Set down each record below precisely, skipping the pictures.

(Recorded data)
========================================================================

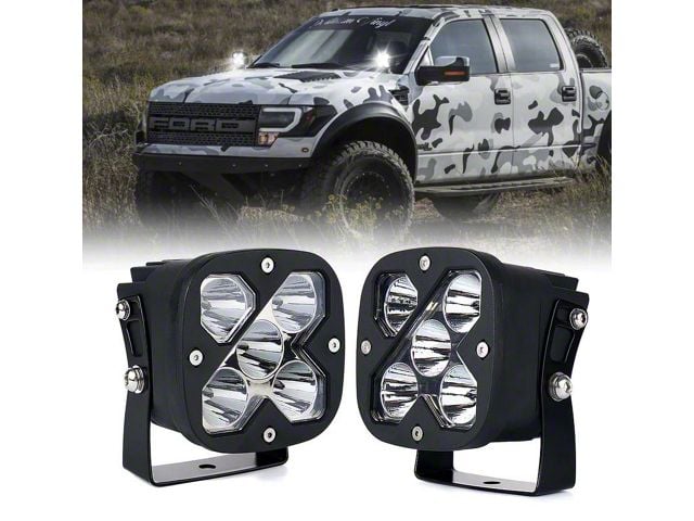 Compact and Bright. Made for a universal fit, these LED Light Pods come in pairs with a matte black housing and clear lenses. Built to output bright white light, these are 3 inch square light pods that offer a compact way to illuminate your journey during nighttime or bad weather.
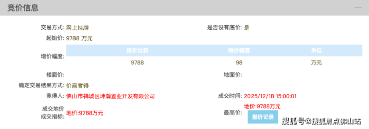 9788万成交!酒店+金融总部!禅城城建夺得祖庙商地
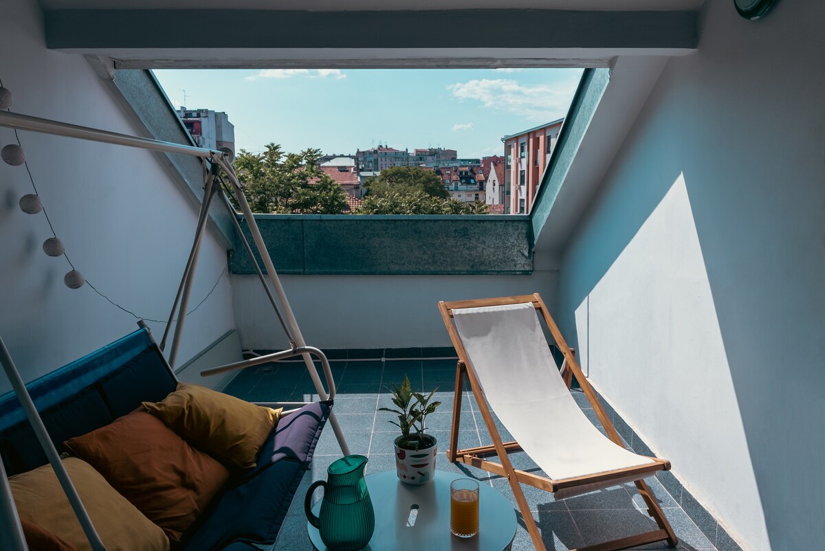 Verið velkomin í nýju, sólríku stúdíóloftíbúðina með svölum í miðborg Belgrad. Þetta rými dregur innblástur frá minimalískum og nýstárlegum meginreglum hönnunar og sýnir einstaka blöndu af opnu rými, hreinum línum og vandlega völdum efnum sem eru aðallega úr eftirtektarverðum júgóslavum og skandinavískum vörumerkjum. Þetta litla en rúmgóða stúdíó býður upp á fullkomið afdrep fyrir skammtímagistingu í borginni með mikilli dagsbirtu, frískandi grænum áherslum og skilvirku skipulagi.
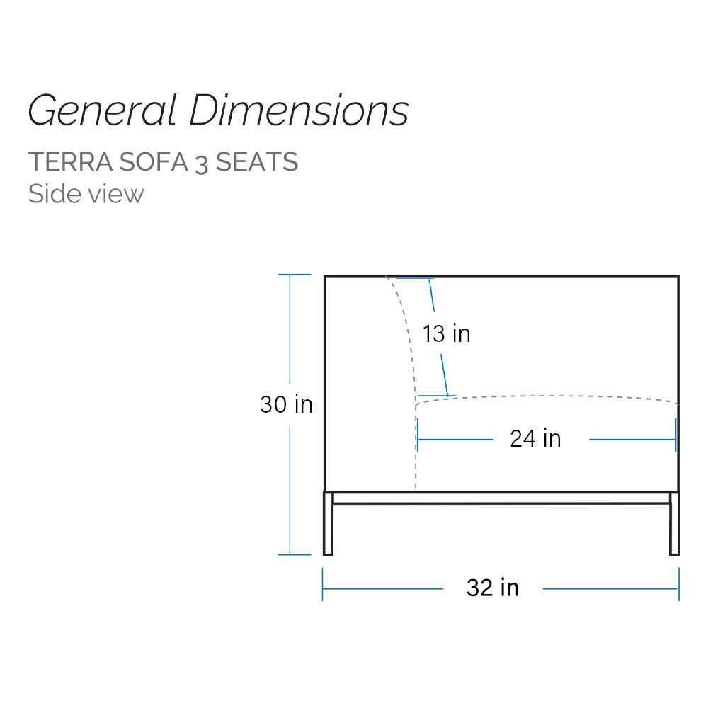 Terra is a contemporary sofa with sleek lines and metal legs that looks great from any angle. Upholstered with fabric. The cushions are filled with different density foam and natural goose down filled covers. Metal base and legs with solid wood frame.
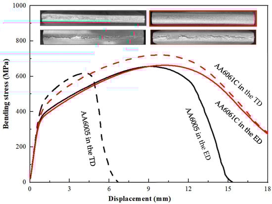 The stress–displacement curves obtained from the AA6005 and AA6061C alloys during bend in the ED and TD; the reproducibility of the results is good.

========================================================================

> Answer box:
 Compact and Bright. Made for a universal fit, these LED Light Pods come in pairs with a matte black housing and clear lenses. Built to output bright white light, these are 3 inch square light pods that offer a compact way to illuminate your journey during nighttime or bad weather.
 9788万成交!酒店+金融总部!禅城城建夺得祖庙商地
 Verið velkomin í nýju, sólríku stúdíóloftíbúðina með svölum í miðborg Belgrad. Þetta rými dregur innblástur frá minimalískum og nýstárlegum meginreglum hönnunar og sýnir einstaka blöndu af opnu rými, hreinum línum og vandlega völdum efnum sem eru aðallega úr eftirtektarverðum júgóslavum og skandinavískum vörumerkjum. Þetta litla en rúmgóða stúdíó býður upp á fullkomið afdrep fyrir skammtímagistingu í borginni með mikilli dagsbirtu, frískandi grænum áherslum og skilvirku skipulagi.
 Terra is a contemporary sofa with sleek lines and metal legs that looks great from any angle. Upholstered with fabric. The cushions are filled with different density foam and natural goose down filled covers. Metal base and legs with solid wood frame.
 The stress–displacement curves obtained from the AA6005 and AA6061C alloys during bend in the ED and TD; the reproducibility of the results is good.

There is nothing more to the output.